📦

Court Jester MCP

CLI verification server for coding agents — static analysis, sandboxed execution, property-based fuzzing, and repair loops (Rust)

0 installs

Trust: 34 — Low

Maps

Ask AI about Court Jester MCP

I know everything about Court Jester MCP. Ask me about installation, configuration, usage, or troubleshooting.

0/500

Loading tools...

Reviews

Documentation

Court Jester

Public alpha / experimental: Court Jester is under active development. CLI flags, output fields, and behavior may still change. The benchmark evidence is strong, but the tool is still early and should be treated as an alpha verifier, not a stable general-purpose coding product.
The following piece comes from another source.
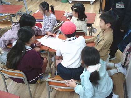 今日のなかよし班活動は、なかよし班の教室でジェスチャーゲームを行いました。

Court Jester is a CLI for making AI-generated Python and TypeScript code fail as fast as possible before the agent declares victory.
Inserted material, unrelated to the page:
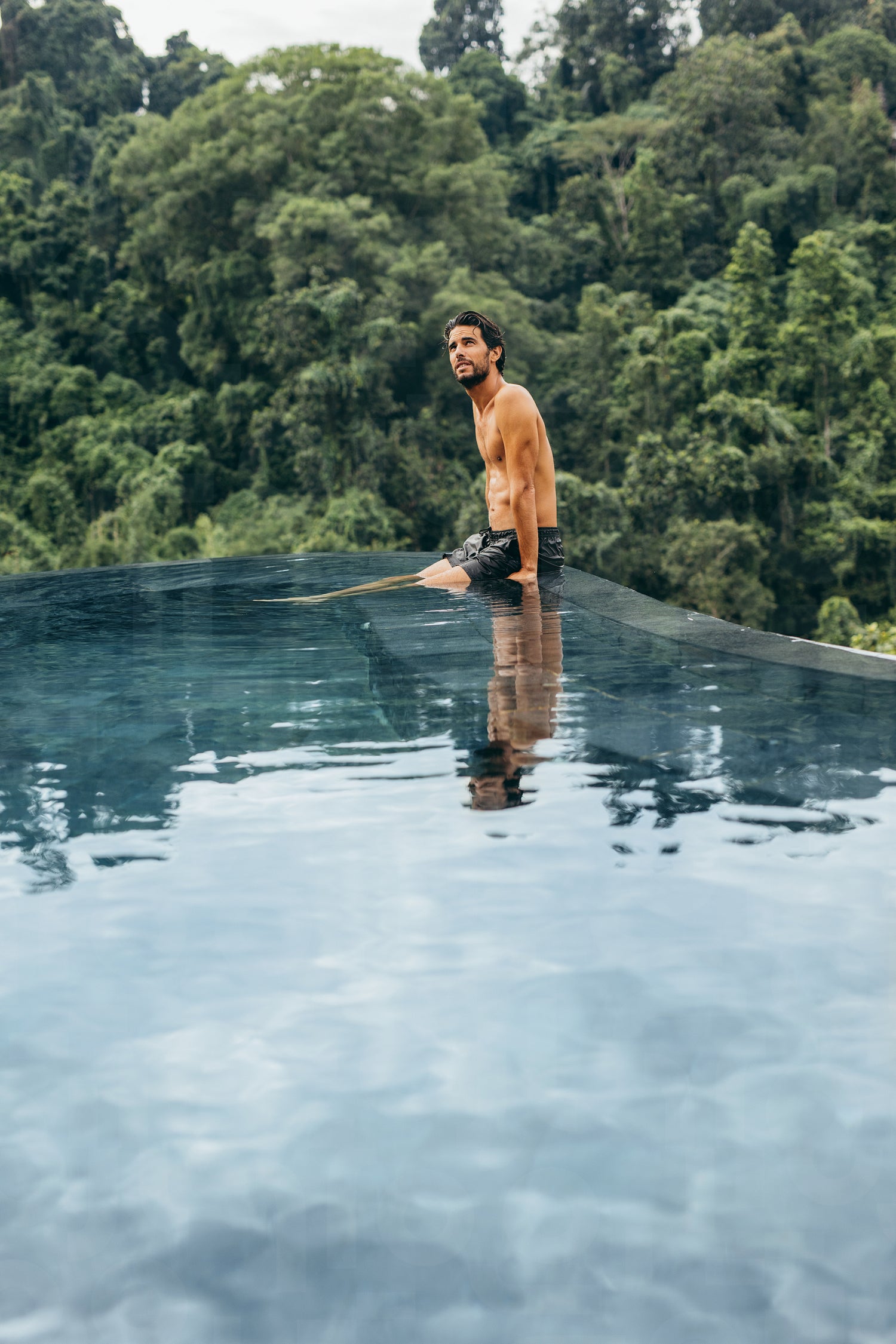 Shot of young man shirtless sitting on the edge of swimming pool at resort and looking away. Caucasian male on vacation relaxing in a pool.

AI coding agents confidently ship code that looks right but quietly breaks on edge cases. They don't know what they don't know. Court Jester runs right after the edit, tries to break the changed file immediately, and turns "this looks done" into a concrete repro the agent can repair.

Today, the clearest way to think about Court Jester is: a strong alpha for Python and TypeScript repair loops, especially on library and utility code, not a polished universal answer for arbitrary repos.

agent edits code -> court-jester verify -> fast concrete failure?
                                        |
                             yes: repair from repro
                             no:  ship with more confidence

It is just a CLI. No MCP transport, editor plugin, or custom agent integration layer is required.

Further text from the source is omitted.